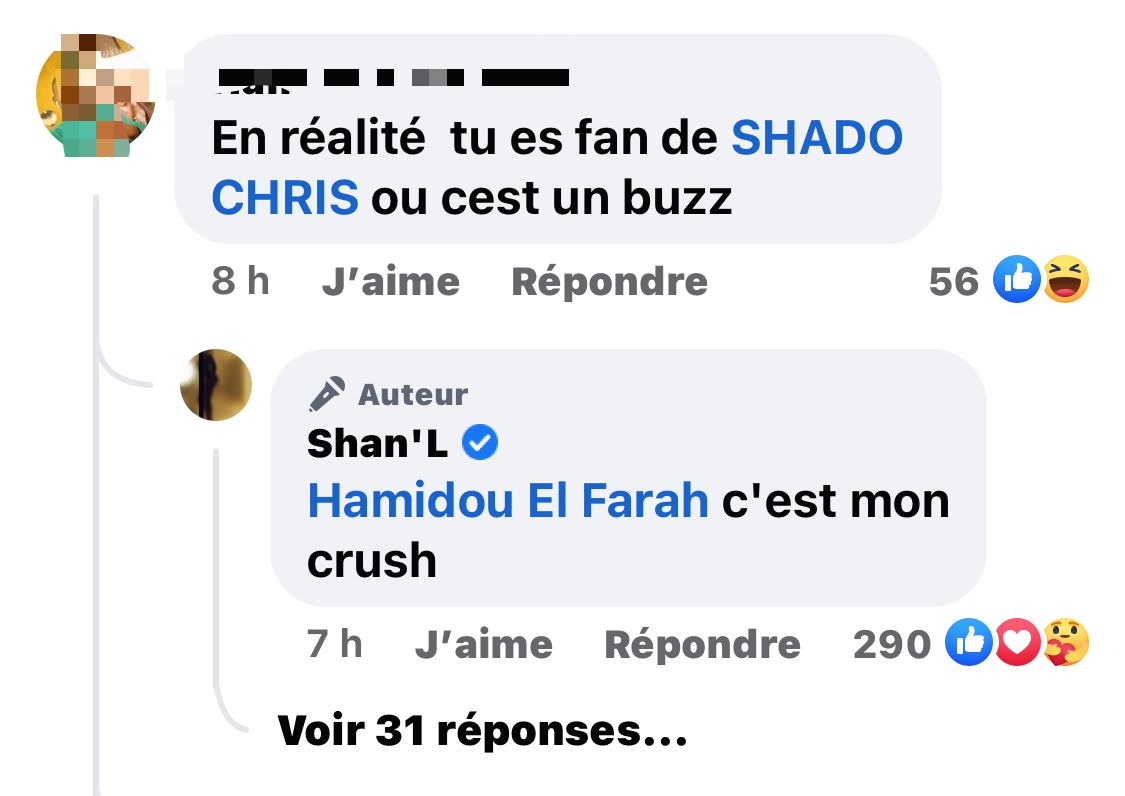 Dans la soirée du mercredi, Shan’l a offert une lucarne à ses fans. Dans un jeu de questions-réponses, Shan’l s’est livrée à cœur ouvert à ses fans. A la question de savoir si elle entretenait effectivement une relation amoureuse avec Shado Chris, elle a répondu simplement qu’il était son « crush » en d’autres termes, elle serait attirée par lui.
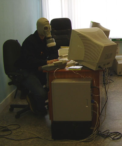 A friend of mine, Nikolay, who is a system administrator, sent me this picture of how Russian computer experts continue working even when they are gas-attacked. 😎
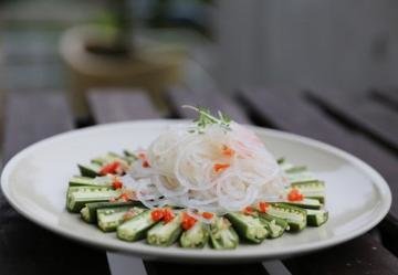 食材:秋葵、粉丝、猪油(鸭油)、鸭汤、辣椒、大蒜
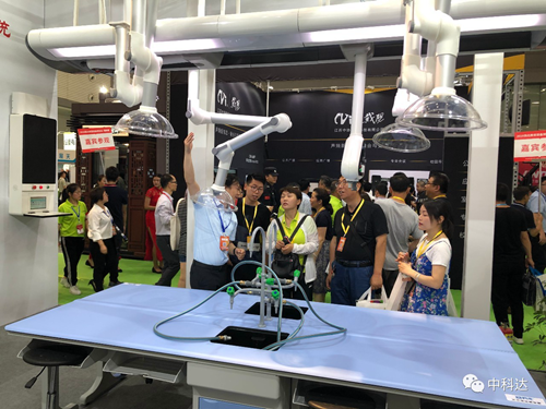 ▲中科達總經理朱建武、副總經理趙建敏向觀眾介紹陶瓷臺面實驗臺
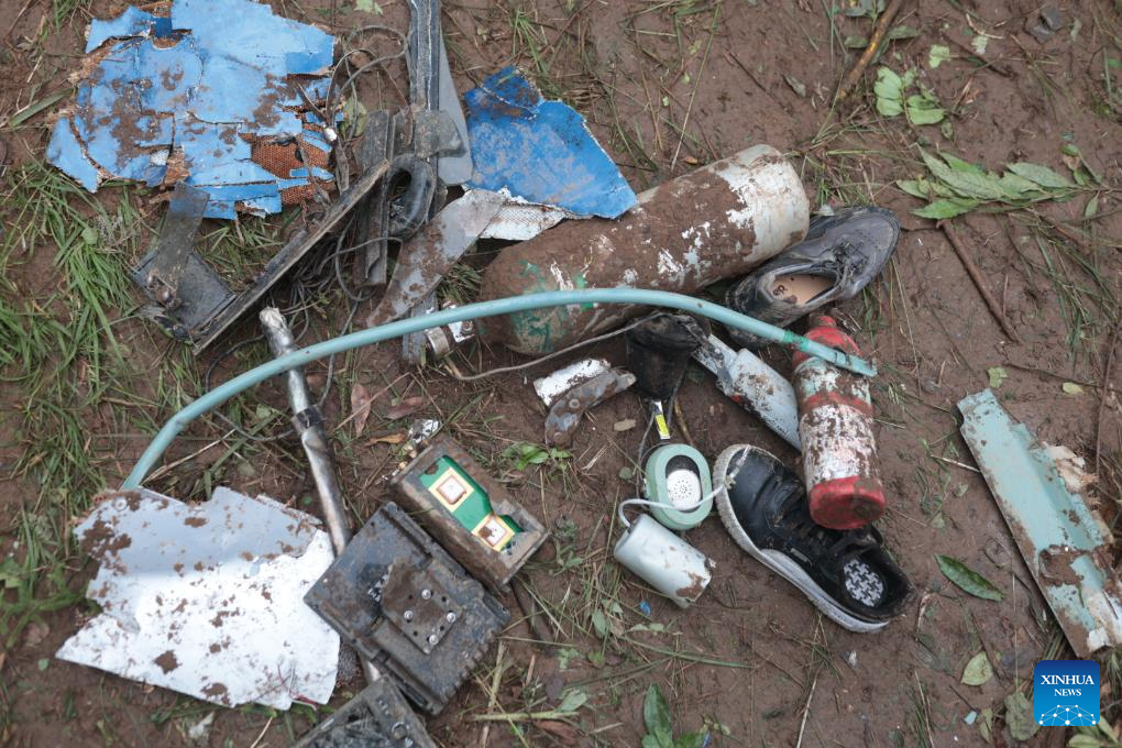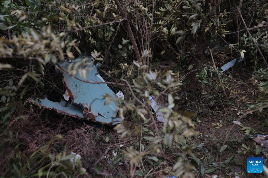 This photo taken on Aug. 7, 2024 shows the debris of a helicopter crashed in Nuwakot district of Nepal's Bagmati province. Four Chinese passengers and the pilot were killed when a helicopter crashed in Nuwakot district of Nepal's Bagmati province on Wednesday afternoon. (Photo by Sulav Shrestha/Xinhua)
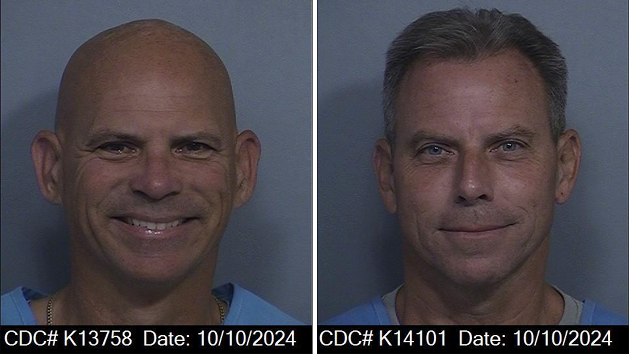 Lyle Menendez, left, and his brother Erik are pictured in their most recent mugshots, taken on Oct. 10. (California Department of Corrections and Rehabilitation)
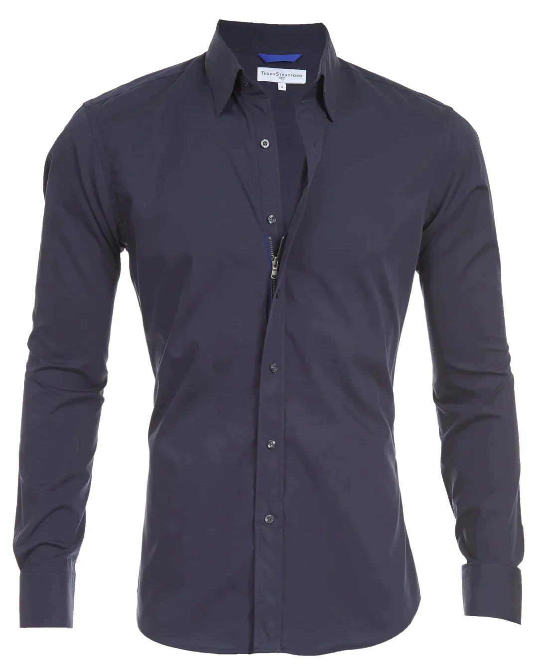 Wir präsentieren unser Elite Stretch Zip-Hemd - Inbegriff von erstklassigem Handwerk und zeitlosem Design. Heben Sie jedes Outfit mit Selbstvertrauen hervor. Entworfen für den anspruchsvollen Gentleman.
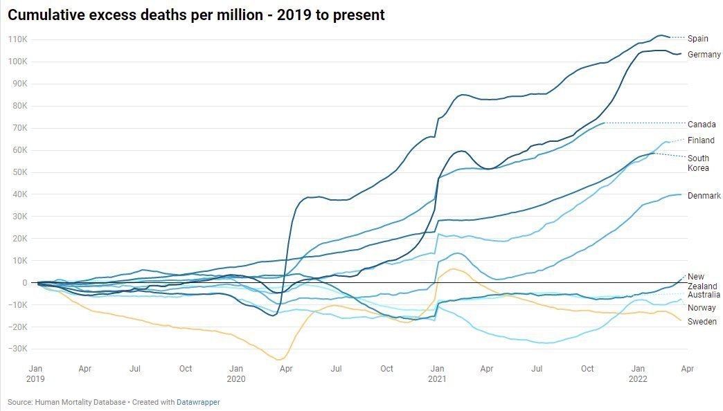 Če ta graf drži, je Španija v nekaj več kot dveh letih izgubila več kot 5 milijonov Špancev, ki jih v normalnih okoliščinah ne bi smela izgubiti (graf prikazuje presežek smrti na milijon), poleg tega smo ena najtežjih držav na svetu za izvajanje ukrepov proti COVID, saj smo država, kjer umre največ ljudi, nasprotno pa ima Švedska, ki praktično ni uporabljala nobenih omejitev, neskončno boljše rezultate kot Španija in druge države.
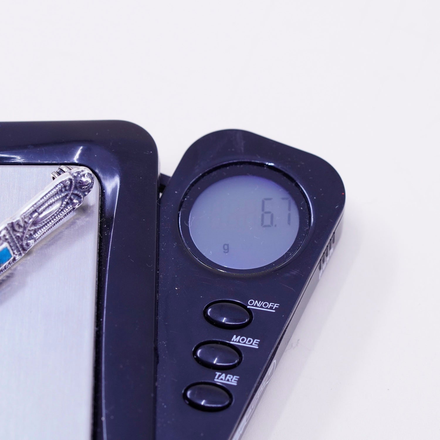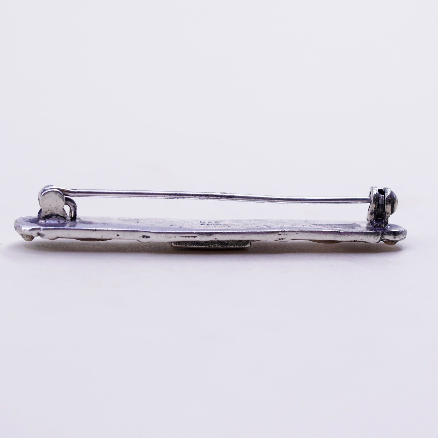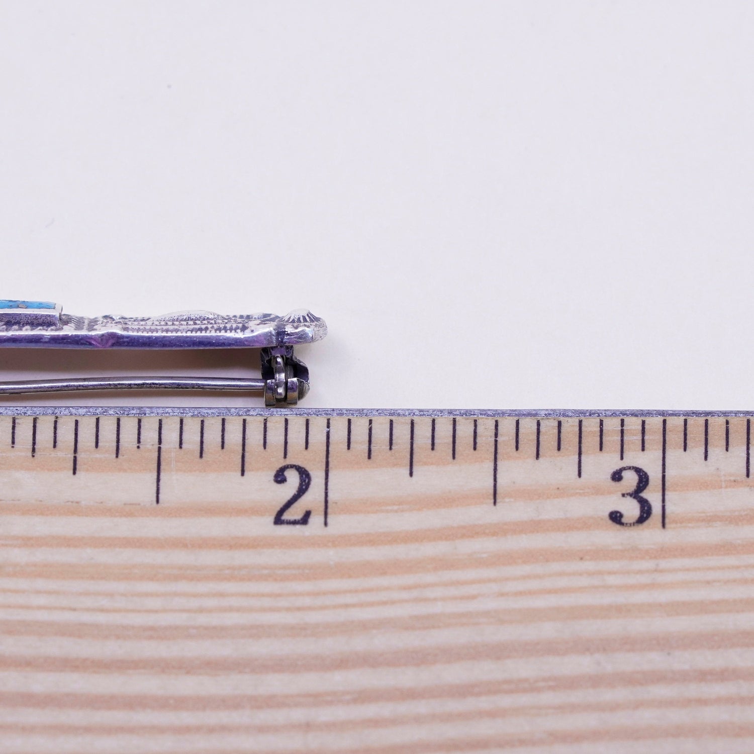 Vintage Boma Sterling 925 silver handmade brooch, long bar pin blue turquoise

• • •

### [To do]
Every entry above needs to be copied exactly, apart from its pictures.

### [Exercise answer]
 Dans la soirée du mercredi, Shan’l a offert une lucarne à ses fans. Dans un jeu de questions-réponses, Shan’l s’est livrée à cœur ouvert à ses fans. A la question de savoir si elle entretenait effectivement une relation amoureuse avec Shado Chris, elle a répondu simplement qu’il était son « crush » en d’autres termes, elle serait attirée par lui.
 A friend of mine, Nikolay, who is a system administrator, sent me this picture of how Russian computer experts continue working even when they are gas-attacked. 😎
 食材:秋葵、粉丝、猪油(鸭油)、鸭汤、辣椒、大蒜
 ▲中科達總經理朱建武、副總經理趙建敏向觀眾介紹陶瓷臺面實驗臺
 This photo taken on Aug. 7, 2024 shows the debris of a helicopter crashed in Nuwakot district of Nepal's Bagmati province. Four Chinese passengers and the pilot were killed when a helicopter crashed in Nuwakot district of Nepal's Bagmati province on Wednesday afternoon. (Photo by Sulav Shrestha/Xinhua)
 Lyle Menendez, left, and his brother Erik are pictured in their most recent mugshots, taken on Oct. 10. (California Department of Corrections and Rehabilitation)
 Wir präsentieren unser Elite Stretch Zip-Hemd - Inbegriff von erstklassigem Handwerk und zeitlosem Design. Heben Sie jedes Outfit mit Selbstvertrauen hervor. Entworfen für den anspruchsvollen Gentleman.
 Če ta graf drži, je Španija v nekaj več kot dveh letih izgubila več kot 5 milijonov Špancev, ki jih v normalnih okoliščinah ne bi smela izgubiti (graf prikazuje presežek smrti na milijon), poleg tega smo ena najtežjih držav na svetu za izvajanje ukrepov proti COVID, saj smo država, kjer umre največ ljudi, nasprotno pa ima Švedska, ki praktično ni uporabljala nobenih omejitev, neskončno boljše rezultate kot Španija in druge države.
 Vintage Boma Sterling 925 silver handmade brooch, long bar pin blue turquoise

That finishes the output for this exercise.